ONI’s LNP Profiler workflow is designed for full automation and accessibility. It starts with a novel functionalized surface that’s optimized for capturing PEGylated LNPs, which are widely used due to their enhanced stability and low immunogenicity, without interfering with downstream measurements. We’ve also tackled one of the biggest pain points in single-molecule localization microscopy—the need for finicky imaging buffers. With the LNP Profiler, we sidestep that entirely by using a new class of self-blinking fluorophores. These allow for high-resolution imaging without compromising particle integrity, even when measuring sensitive cargos such as mRNA.
But perhaps the most groundbreaking work came in the form of machine learning (ML) integration. To classify whether an LNP contains cargo, we developed a classifier-based ML model that reliably determines cargo positivity. And to make sense of heterogeneous populations, we implemented ML clustering algorithms that group particles based on shared traits—without needing manual parameter tuning. It is incredibly powerful and requires minimal user input.
I know a common concern about super-resolution imaging is that it’s seen as a low-throughput technique. We’ve completely flipped the script on this. Our AutoLNP platform can characterize over 10,000 LNPs per sample—and not just for one metric, but for all of them simultaneously: size, shape, cargo, ligand, and integrity. Users can run 16 or more samples in a single day, with results and insights ready in under 8 hours. We are also taking automation to the next level: Our new Aplo sample prep is nearly 100 percent hands-off and imaging, optimization, and reporting are fully automated. This means that even researchers without any prior experience with super-resolution imaging can get up and running with little training.

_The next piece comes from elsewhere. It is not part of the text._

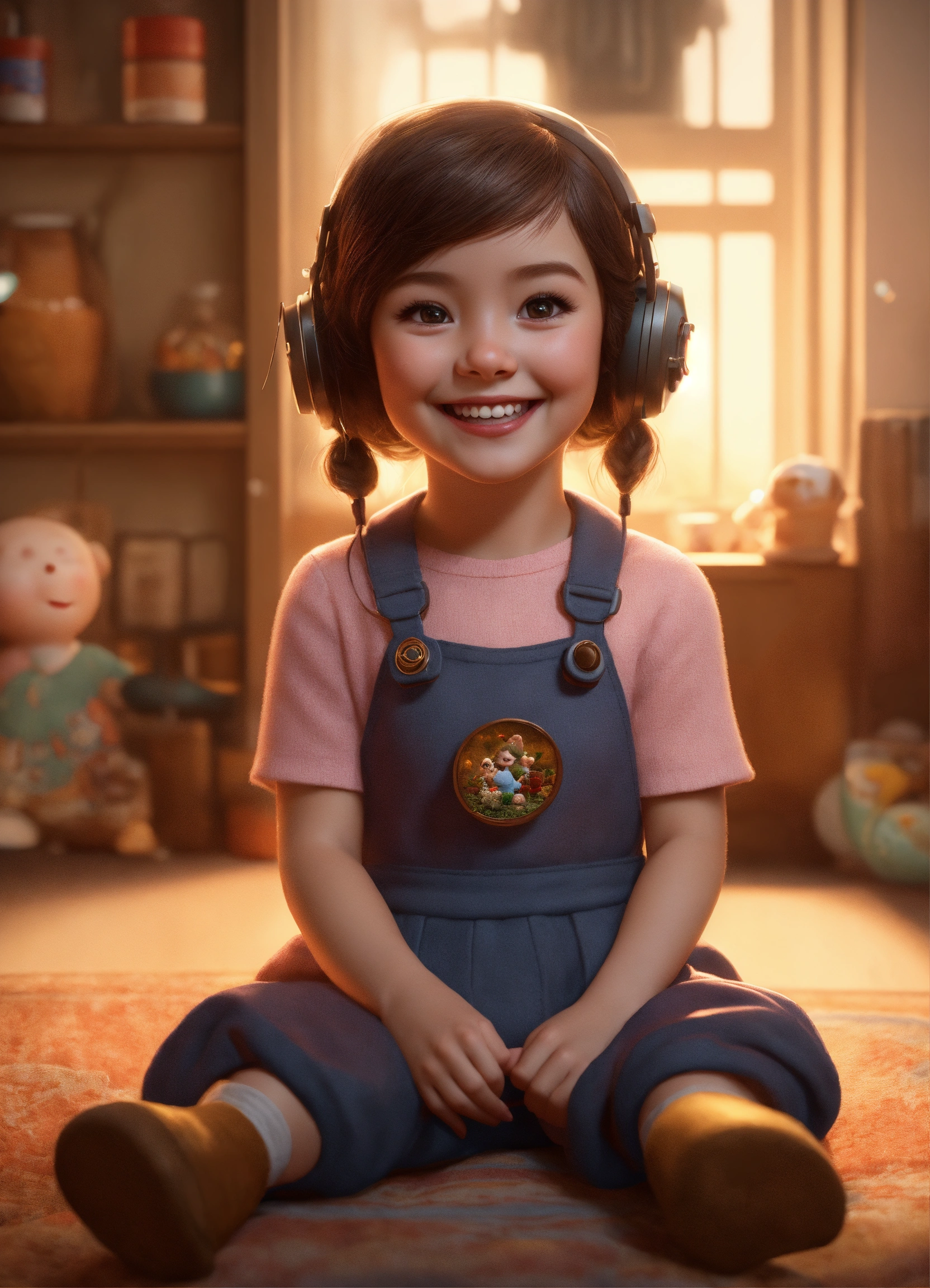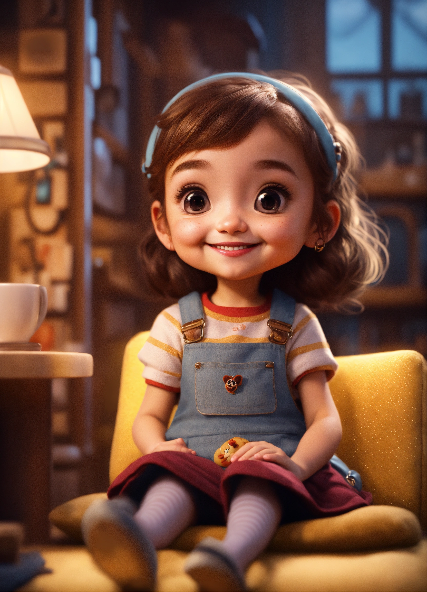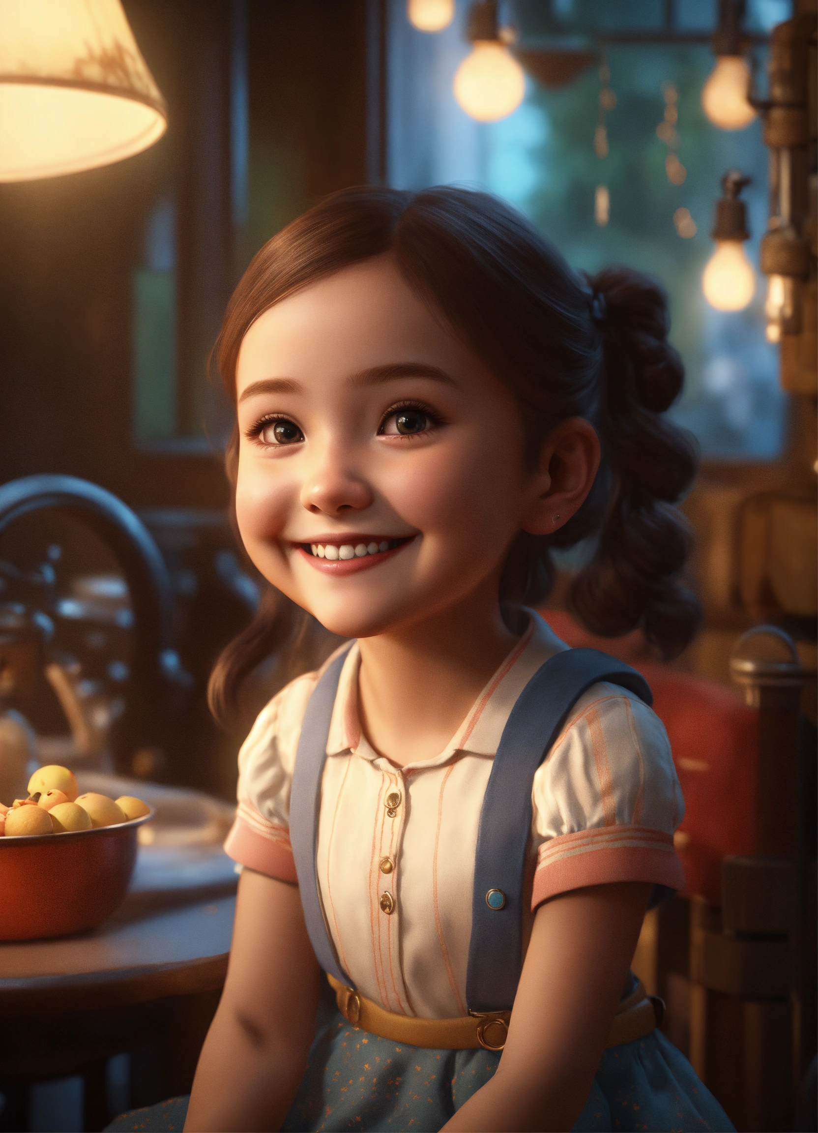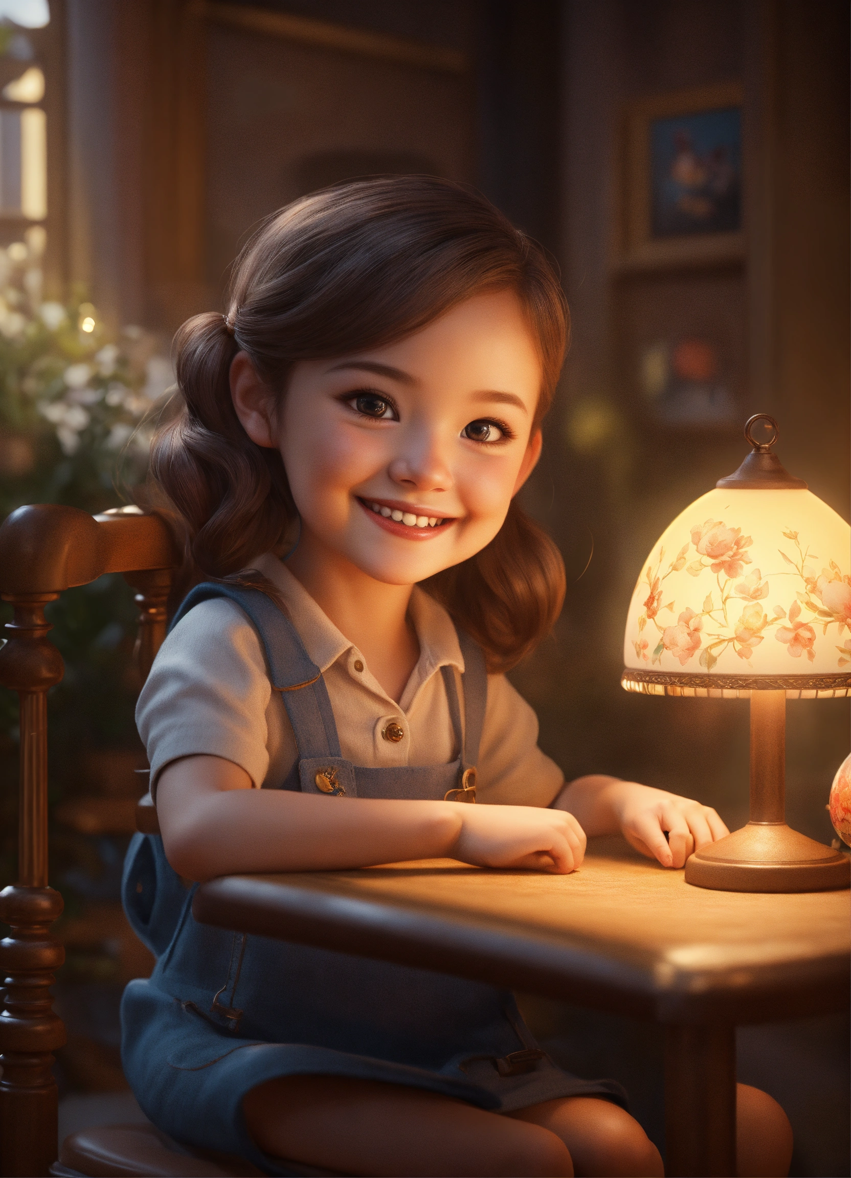 Cute adorable tiny girl smiling greeting me, unreal engine, she is seated, cozy interior lighting, art station, detailed digital painting, cinematic, character design by mark ryden and pixar, unreal 5, daz, hyper realistic

What excites you the most about the future of LNP development and characterization using super-resolution imaging?
We are standing at the edge of a revolution in nanomedicine, and super-resolution imaging is at the heart of it. What excites me most is how this technology is enabling us to dive into LNPs with unprecedented precision just as the field is exploding into personalized medicine, gene therapy, and beyond. We're no longer talking about niche research—we're talking about real-world scalability, cost-effectiveness, and therapeutic impact. The technology is mature, the tools are ready, and the next generation of LNP-based therapies is coming fast. With super-resolution, we can now analyze those bespoke formulations particle by particle, revealing critical insights that bulk techniques simply miss. We’re making it possible for any laboratory, academic, clinical, or commercial, to understand LNP behavior at the single-particle level. This means faster optimization of formulations, better therapeutic performance, and a deeper understanding of how these particles function biologically. In short, super-resolution imaging is no longer just a fancy microscope—it’s a vital part of the LNP research toolkit, unlocking answers we couldn’t access before. That’s what makes this moment so exciting.